You can also use the COPY command to load large amounts of data from flat-text files (e.g. txt, csv) into a table.

Tip

The psql \copy command is more user-friendly when fetching/storing data in a file accessible to the psql client:

\copy table_name FROM '/path/to/data.csv'

3. Querying a table#

Use a SELECT statement:

mydb=> SELECT * FROM products;
   name   | items_in_stock | price 
----------+----------------+-------
 Apples   |            100 | 25.00
 Bananas  |             32 | 10.00
 Cherries |             74 |  2.50
(3 rows)

* is shorthand for “all columns”. You can specify columns (recommended):

mydb=> SELECT name, price FROM products;
   name   | price 
----------+-------
 Apples   | 25.00
 Bananas  | 10.00
 Cherries |  2.50
(3 rows)

You can include expressions:

mydb=> SELECT name, items_in_stock * price AS inventory_value FROM products;
   name   | inventory_value 
----------+-----------------
 Apples   |         2500.00
 Bananas  |          320.00
 Cherries |          185.00
(3 rows)

You can use a WHERE clause to filter results:

mydb=> SELECT * FROM products WHERE items_in_stock < 50;
  name   | items_in_stock | price 
---------+----------------+-------
 Bananas |             32 | 10.00
(1 row)

You can use an ORDER BY clause to sort results:

mydb=> SELECT * FROM products ORDER BY price;
   name   | items_in_stock | price 
----------+----------------+-------
 Cherries |             74 |  2.50
 Bananas  |             32 | 10.00
 Apples   |            100 | 25.00

4. Joining tables#

A join query accesses multiple tables (or multiple instances of the same table) at once:

We’ll need another table to experiment with joins:

mydb=> CREATE TABLE suppliers (
mydb(>   name                 varchar(70),
mydb(>   product_name         varchar(50),
mydb(>   unit_price           numeric(7, 2),
mydb(>   last_delivery_date   date
mydb(> );
CREATE TABLE
mydb=> INSERT INTO suppliers VALUES
mydb->   ('ACME Fruits Ltd', 'Bananas', 8.5, '2023-07-23'),
mydb->   ('Green Thumb Corp.', 'Spinach', 5.95, '2023-07-24'),
mydb->   ('Jolly Grocers', 'Apples', 23.80, '2023-07-24');
INSERT 0 3

mydb=> SELECT * FROM suppliers;
       name        | product_name | unit_price | last_delivery_date 
-------------------+--------------+------------+--------------------
 ACME Fruits Ltd   | Bananas      |       8.50 | 2023-07-23
 Green Thumb Corp. | Spinach      |       5.95 | 2023-07-24
 Jolly Grocers     | Apples       |      23.80 | 2023-07-24
(3 rows)

It is good practice to qualify column names (e.g table.colname) and use aliases to avoid issues with duplicate column names:

mydb=> SELECT * FROM products JOIN suppliers ON name = product_name; -- this will fail
ERROR:  column reference "name" is ambiguous
LINE 1: SELECT * FROM products JOIN suppliers ON name = product_name...

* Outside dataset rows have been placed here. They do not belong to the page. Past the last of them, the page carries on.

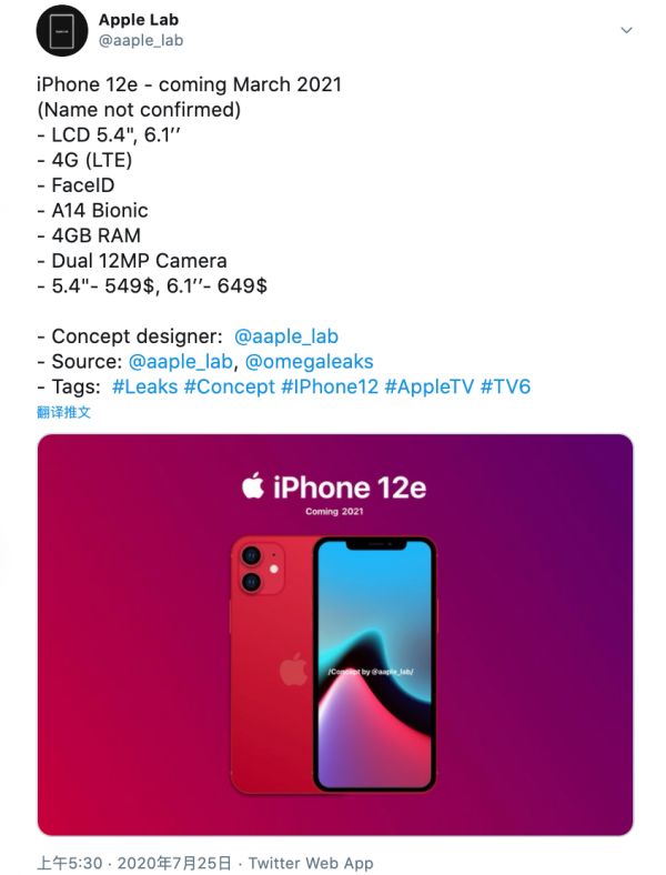 4G版iPhone 12是iPhone XR的继任者,也是采用全面屏设计的新款iPhone SE Plus。当然,这些都只是外界的猜测。不过,可以肯定的是,苹果确实会推出这款机型。
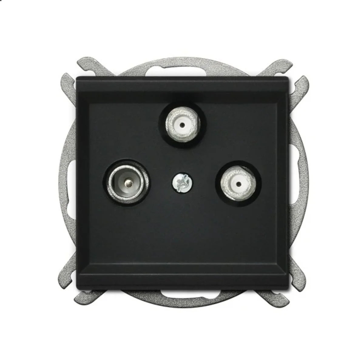 RTV-Antennensteckdose mit zwei SAT-Ausgängen. Zur Ausstattung mit einem Rahmen.
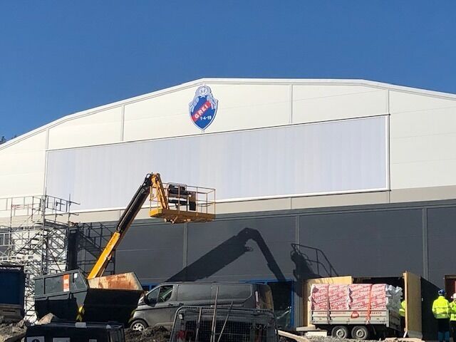 Arbeidet med SF Greis nye fotballhall går unna. Nå har man også fått smykket bygget med klubblogoen.
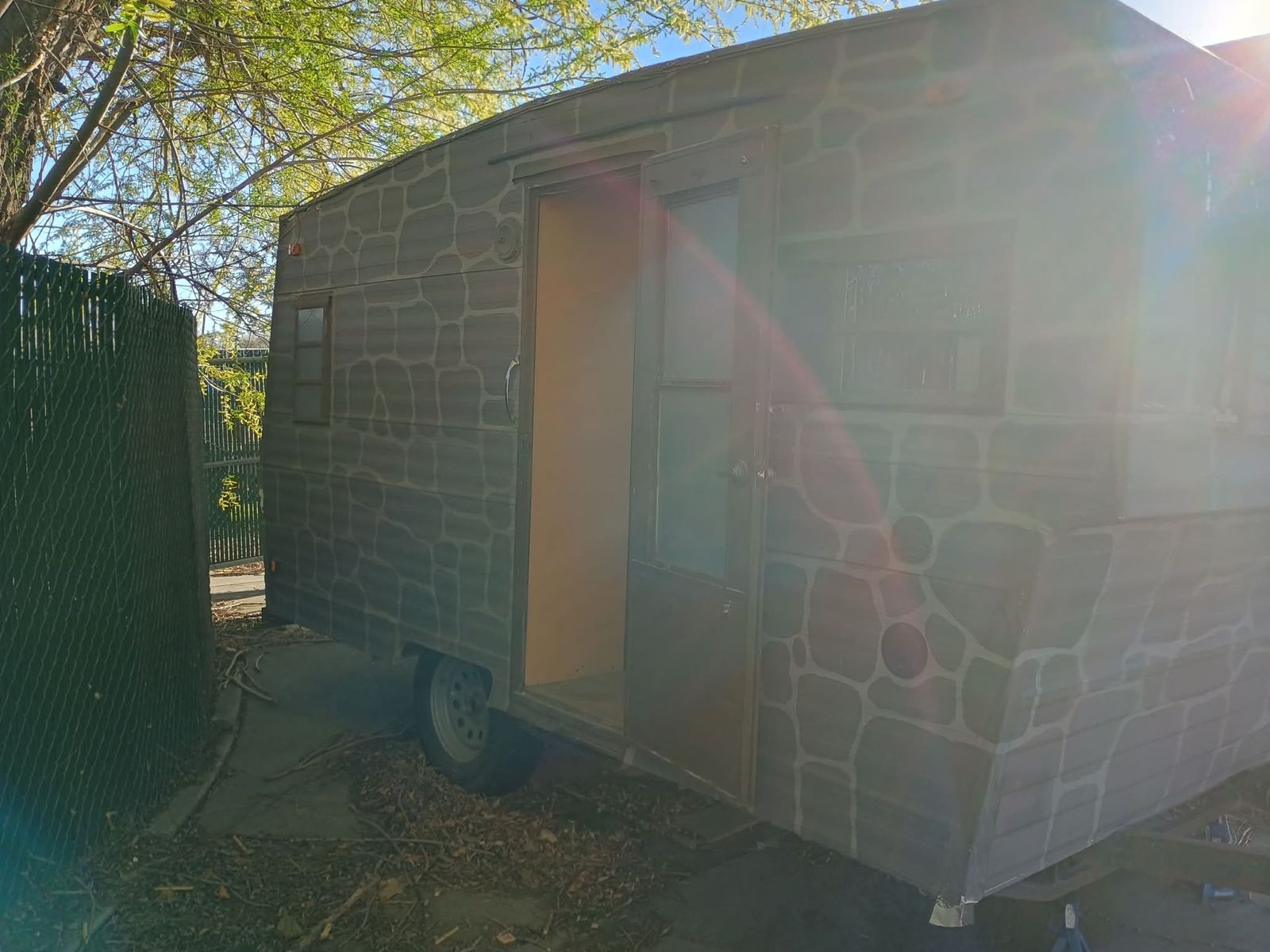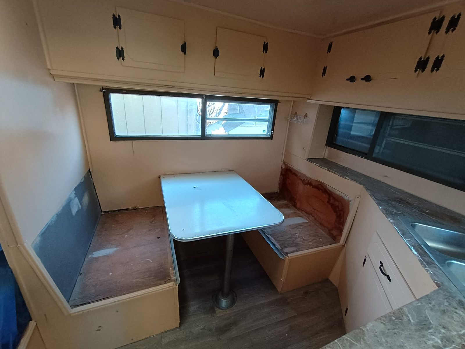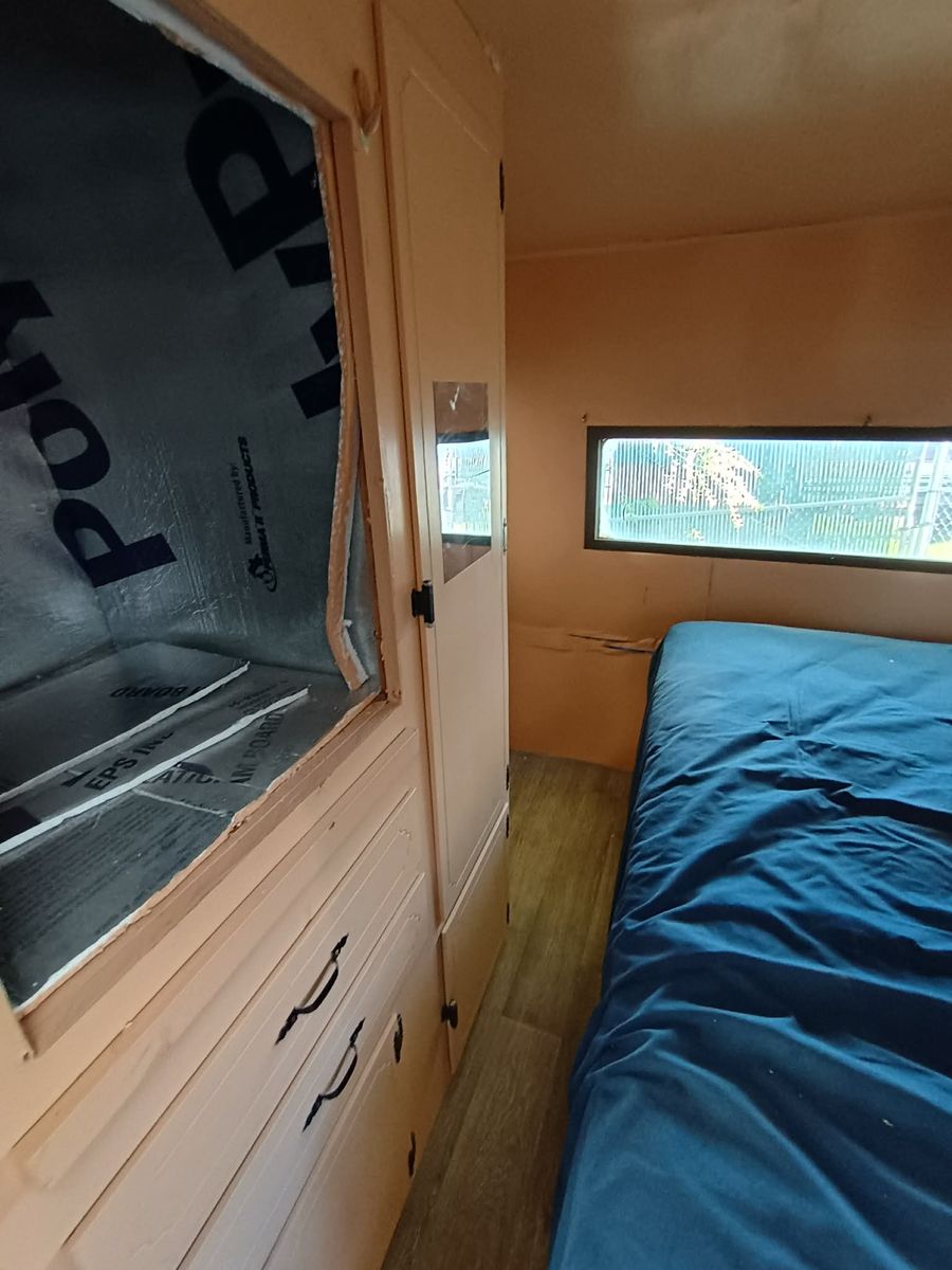 The floor was reinforced with fresh plywood and a new layer of vinyl, comes with 2 spare tires. No electrical, just use rechargeable lights (included) that have some magnetic mounts inside, and no plumbing. No AC. Works great for simple camping though. Has water tanks, but they are disconnected, I use a rechargeable faucet (included) and water gallon setup.

mydb=> SELECT * FROM products p JOIN suppliers s ON p.name = s.product_name;  -- 2 "name" columns
  name   | items_in_stock | price |      name       | product_name | unit_price | last_delivery_date 
---------+----------------+-------+-----------------+--------------+------------+--------------------
 Apples  |            100 | 25.00 | Jolly Grocers   | Apples       |      23.80 | 2023-07-24
 Bananas |             32 | 10.00 | ACME Fruits Ltd | Bananas      |       8.50 | 2023-07-23
(2 rows)

mydb=> SELECT s.name AS supplier_name, p.name AS product_name, p.price,
mydb->        s.unit_price AS purchase_price, p.items_in_stock, s.last_delivery_date
mydb->   FROM products p JOIN suppliers s ON p.name = s.product_name;
  supplier_name  | product_name | price | purchase_price | items_in_stock | last_delivery_date 
-----------------+--------------+-------+----------------+----------------+--------------------
 Jolly Grocers   | Apples       | 25.00 |          23.80 |            100 | 2023-07-24
 ACME Fruits Ltd | Bananas      | 10.00 |           8.50 |             32 | 2023-07-23
(2 rows)

The default is an inner join, which returns only rows that match the join condition. To include all possible results from both tables, we can use a full outer join:

mydb=> SELECT s.name AS supplier_name, p.name AS product_name, p.price,
mydb->        s.unit_price AS purchase_price, p.items_in_stock, s.last_delivery_date
mydb->   FROM products p FULL OUTER JOIN suppliers s ON p.name = s.product_name
mydb->   ORDER BY supplier_name;
   supplier_name   | product_name | price | purchase_price | items_in_stock | last_delivery_date 
-------------------+--------------+-------+----------------+----------------+--------------------
 ACME Fruits Ltd   | Bananas      | 10.00 |           8.50 |             32 | 2023-07-23
 Green Thumb Corp. |              |       |           5.95 |                | 2023-07-24
 Jolly Grocers     | Apples       | 25.00 |          23.80 |            100 | 2023-07-24
                   | Cherries     |  2.50 |                |             74 | 
(4 rows)

5. Aggregate functions#

Aggregate functions compute a single result from multiple input rows e.g. count, sum, avg, max and min.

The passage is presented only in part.